_About this exercise_. Below this line is a listing that includes pictures. Copy exactly, and only, the lines from the one containing "Robe bohème en" through the one containing "日昇信息LTE一体化室外基站"; the pictures do not go in the copy.

_Extracted records_.
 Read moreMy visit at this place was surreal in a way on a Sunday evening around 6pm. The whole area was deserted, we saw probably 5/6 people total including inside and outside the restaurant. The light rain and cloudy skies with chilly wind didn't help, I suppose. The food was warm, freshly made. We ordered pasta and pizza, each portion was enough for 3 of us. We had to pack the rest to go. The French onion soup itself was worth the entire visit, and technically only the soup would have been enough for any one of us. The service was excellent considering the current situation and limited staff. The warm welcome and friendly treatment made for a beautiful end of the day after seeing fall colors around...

--

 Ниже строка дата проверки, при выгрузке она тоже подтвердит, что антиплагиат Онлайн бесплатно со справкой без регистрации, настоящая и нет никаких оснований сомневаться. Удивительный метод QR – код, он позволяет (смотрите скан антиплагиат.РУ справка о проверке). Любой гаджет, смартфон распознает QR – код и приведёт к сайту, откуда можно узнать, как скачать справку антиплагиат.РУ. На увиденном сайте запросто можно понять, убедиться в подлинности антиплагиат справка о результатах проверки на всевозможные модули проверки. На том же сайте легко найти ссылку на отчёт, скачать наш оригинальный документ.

--

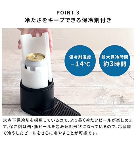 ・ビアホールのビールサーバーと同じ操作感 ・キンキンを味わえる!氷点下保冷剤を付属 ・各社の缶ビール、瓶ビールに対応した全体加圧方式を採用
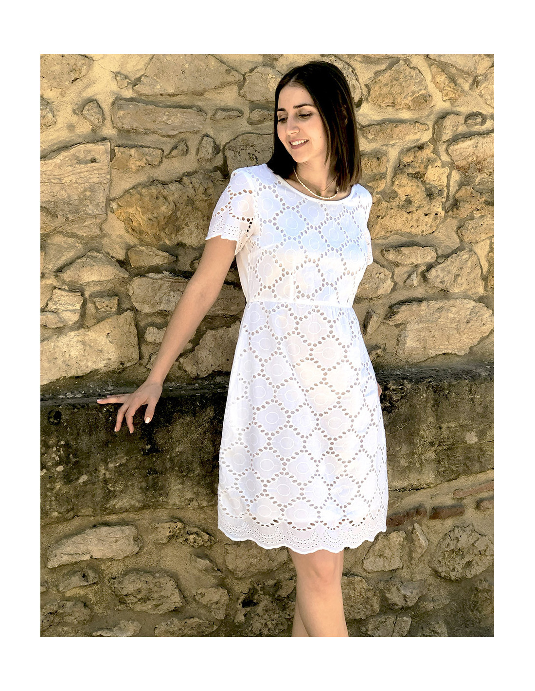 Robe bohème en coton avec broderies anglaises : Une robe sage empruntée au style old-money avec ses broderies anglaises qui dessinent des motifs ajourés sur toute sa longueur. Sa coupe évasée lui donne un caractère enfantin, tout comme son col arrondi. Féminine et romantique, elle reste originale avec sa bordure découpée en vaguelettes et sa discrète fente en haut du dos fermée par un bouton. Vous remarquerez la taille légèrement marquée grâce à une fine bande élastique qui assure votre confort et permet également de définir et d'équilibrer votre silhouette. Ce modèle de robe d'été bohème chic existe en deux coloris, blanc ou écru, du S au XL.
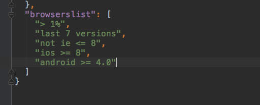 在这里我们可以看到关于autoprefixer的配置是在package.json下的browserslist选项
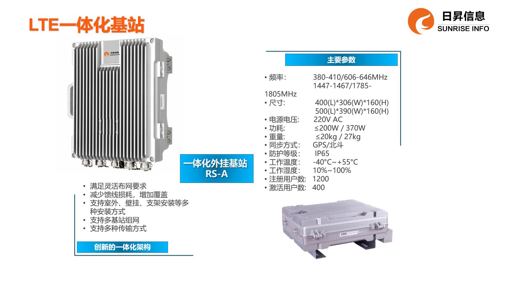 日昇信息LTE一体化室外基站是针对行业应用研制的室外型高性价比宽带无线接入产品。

_Solution to the problem_.
 Robe bohème en coton avec broderies anglaises : Une robe sage empruntée au style old-money avec ses broderies anglaises qui dessinent des motifs ajourés sur toute sa longueur. Sa coupe évasée lui donne un caractère enfantin, tout comme son col arrondi. Féminine et romantique, elle reste originale avec sa bordure découpée en vaguelettes et sa discrète fente en haut du dos fermée par un bouton. Vous remarquerez la taille légèrement marquée grâce à une fine bande élastique qui assure votre confort et permet également de définir et d'équilibrer votre silhouette. Ce modèle de robe d'été bohème chic existe en deux coloris, blanc ou écru, du S au XL.
 在这里我们可以看到关于autoprefixer的配置是在package.json下的browserslist选项
 日昇信息LTE一体化室外基站是针对行业应用研制的室外型高性价比宽带无线接入产品。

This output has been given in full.